Selar, one of the leading creator platforms in Africa, paid out 9.8 billion naira — approximately $6 million — to African creators in 2024. That figure represents digital products, courses, memberships, and downloadable content sold directly to audiences, bypassing the intermediaries that have historically extracted value from African creative output.
The Platform Problem
The opportunity is real. The obstacles are equally concrete. TikTok is facing online backlash for excluding most African creators from its key monetisation programmes despite the platform’s rapid growth on the continent. Only a few African countries are included in the 53 regions where TikTok’s Effect Creator Rewards scheme operates. Meanwhile, zero African countries are eligible for payouts via the app’s Creator Fund.
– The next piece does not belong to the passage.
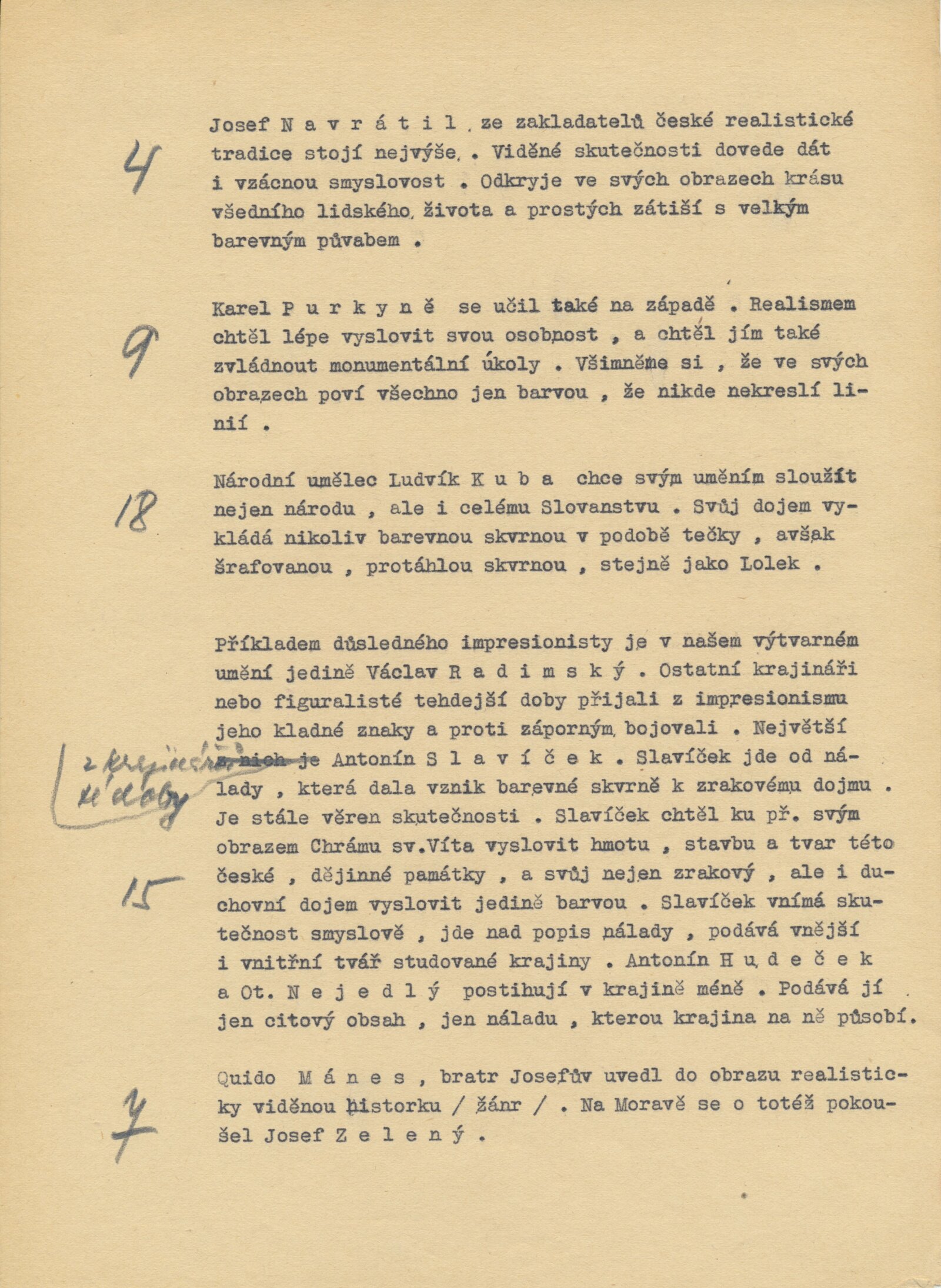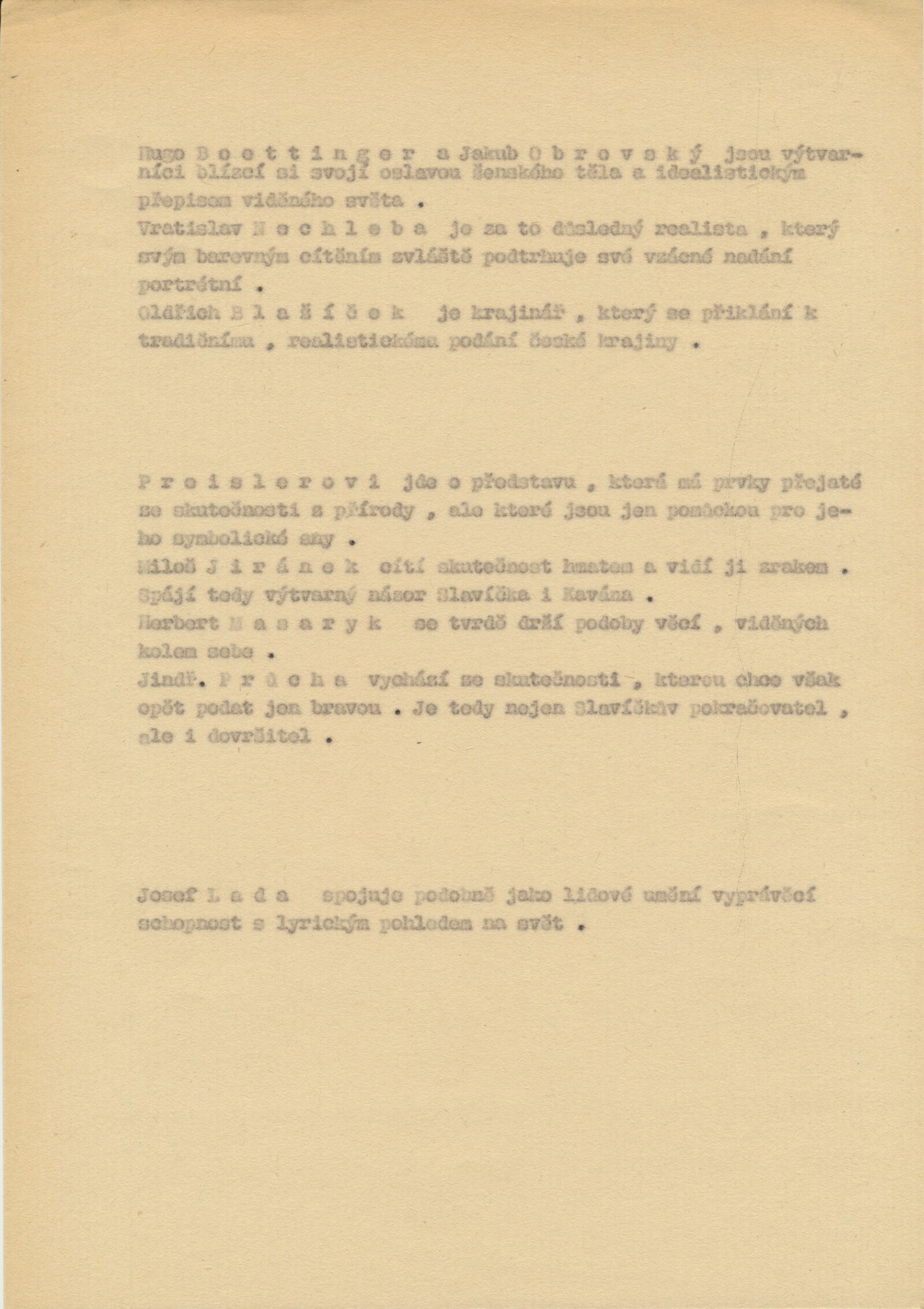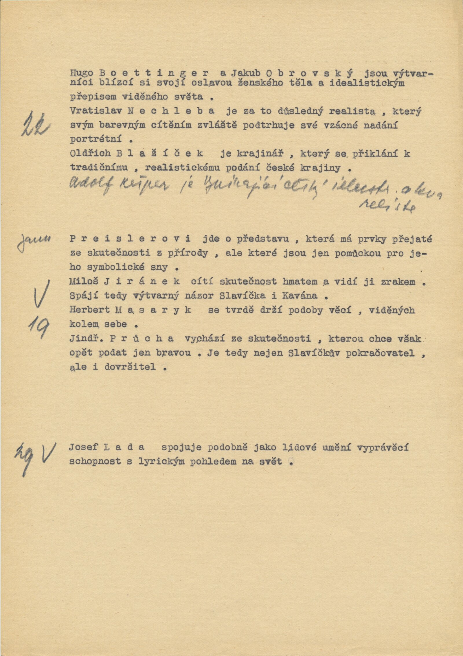 Jan Preisler, Miloš Jiránek, Jaroslav Průcha, Herbert Masaryk, Josef Čapek, Jan Zrzavý, Vlastimil Rada, Rudolf Kremlička, Otokar Kubín, Bohumil Kubišta, Emil Filla, Adolf Kašpar, Oldřich Blažíček, Jaroslav Orlovský, Vratislav Nechleba, Hugo Böttinger, František Šimon, Karel Špillar, Alfons Mucha, Augustin Němejc, Roman Havelka, Bohumil Dvořák, František Kaván, Stanislav Lolek, Alois Kalvoda, Josef Jambor, Otokar Nejedlý, Antonín Slavíček, Václav Radimský, Antonín Hudeček, Julius Mařák, Antonín Chittussi, Hanuš Schweiger, Václav Brožík, Vojtěch Hynais, Luděk Marold, Jaroslav Čermák, Soběslav Pinkas, Viktor Barvitius, Josef Mánes, Quido Mánes, Josef Zelený, Antonín Mánes, Adolf Kosárek, Hugo Ullik, Antonín Machek, Václav Tkadlík, Karel Holan, Vincenc Beneš, Bořivoj Župan, Bohumil Dvorský, Miloslav Holý, Vladimír Hroch, Vojtěch Sedláček, Václav Rabas, Janko Alexy, Mikuláš Gelanda, Cyprián Majerník, Eugen Lehotský, Eduard Milén, Linka Procházková, Jaroslav Král, Milan Mitrovský, František Foltýn, Jaroslav Dvořáček, Vincenc Makovský, Karel Pokorný, Josef Brož, Jaroslav Kousal, Jan Čumpelík, František Tkadlík, Felix Jenewein
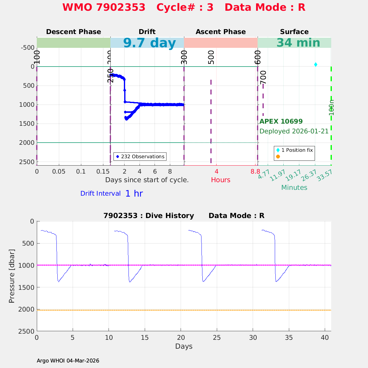 | WMO: #7902353 DAC: aoml PI: STEPHEN RISER APEX: #10699 SBE41CP: #20147 DRUCK_2900PSIA: #12531896 Altimeter Comparison (IFREMER) EuroArgo Link | n/a | n/a | ![]() |

Nigeria is TikTok’s second-largest market in Africa after South Africa, with an estimated 34 million monthly active users. Yet, as of mid-2025, African creators remain excluded from the Creator Fund and other revenue-sharing programmes. TikTok has maintained that African creators have access to monetisation through live gifts and brand partnerships, but that framing sidesteps the central issue: the platform’s most scalable, performance-based payment mechanisms do not reach most of the continent.
African creators face limitations in funding and access to high-quality production tools, with 24.7% citing a lack of support and 22.8% pointing to limited monetisation options. Payment infrastructure is a compounding factor. TikTok’s reliance on processors like Stripe, unavailable in most African countries, further weakens the continent’s bargaining power.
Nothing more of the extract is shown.